Well, I said this, plus Case pointed out better error handling in EAC (which is useful if your CDs turn out to be scratched, especially on printed/reflective layer side).
What is the problem of setting up EAC to convert ripped .WAVs on-the-fly to FLAC, WMA, MP3, whatever using external CLI encoder? You don't need any other manually configured app to do conversion. Files will be also properly tagged at the same time and may even include embedded images. Online tutorials give you even optimized commands (compression/quality, tagging - based on EAC inputs) for most popular encoders, just ready to copy and paste - you don't have to study commandline parameters on your own.
Thanks to EAC and my non standard usage of certain of its text input fields I can extensively tag ripped music with custom tags without any other manual job, than simply putting certain text in single EAC box (catalog numbers, release dates, etc). Also - EAC has brilliant character substitution mechanism, which allows me to keep nice tags and flexibly omit problematic chars in filenames. For example using extended Unicode characters as replacement for certain reserved chars like ? / or * .
In the end I just do RelayGain scan in foobar. And that's all.

Re: Music Formats?

Reply #10
better error handling in EAC
If we don't use C2 pointers (because drive doesn't support them or reports them unreliably) and drive is caching (and doesn't support FUA), then isn't EAC doing exactly the same what fb2k is doing: reading the same sectors multiple times (by big blocks to flush cache)?

Re: Music Formats?

Reply #11
Maybe. But still automated conversion and tagging based on EAC text input fields and it's character substitution for file names is a big deal for me. Plus I have also suspicion that foobar modifies / limits somehow command line parameters sent to CLI encoders. Today or tomorrow I will do tests with older LAME 3,97 and option for disabling lowpass filtering. I remember that it worked in EAC in the past (now I rather rip everything to FLAC so haven't been doing this for a longer while in EAC) but for sure it doesn't worked very recently when started from foobar - resulted mp3 was still lowpass filtered. 
And I don't like the fact that foobar suppresses CLI encoder window - just matter of taste here.

 

Re: Music Formats?

Reply #12
If we don't use C2 pointers (because drive doesn't support them or reports them unreliably) and drive is caching (and doesn't support FUA), then isn't EAC doing exactly the same what fb2k is doing: reading the same sectors multiple times (by big blocks to flush cache)?
dBpoweramp's method: a burst read, check AccurateRip and if there is no match, it goes for plan B: several reads.

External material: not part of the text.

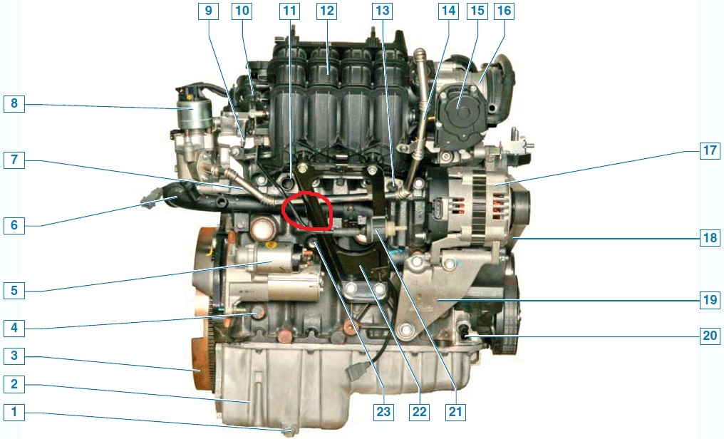 Чтобы до него долезть, нужно снять кронштейн #22 и стартер.

In "your" case where C2 is not used, dBpoweramp will
* do a single burst, check AccurateRip,
and if mismatch:
* one more burst, check AccurateRip,
and if mismatch:
* try to combine those two bursts into one that matches AccurateRip.
Then plan B.
I have no idea of the chance to get a spurious false positive AR match this way. (It doesn't frighten me. Edit: on a general note, though: if you move your drive to a different mobo, AccurateRip will not know that a previous submission is yours, so if you try to re-rip later, you can get a false match against yourself.)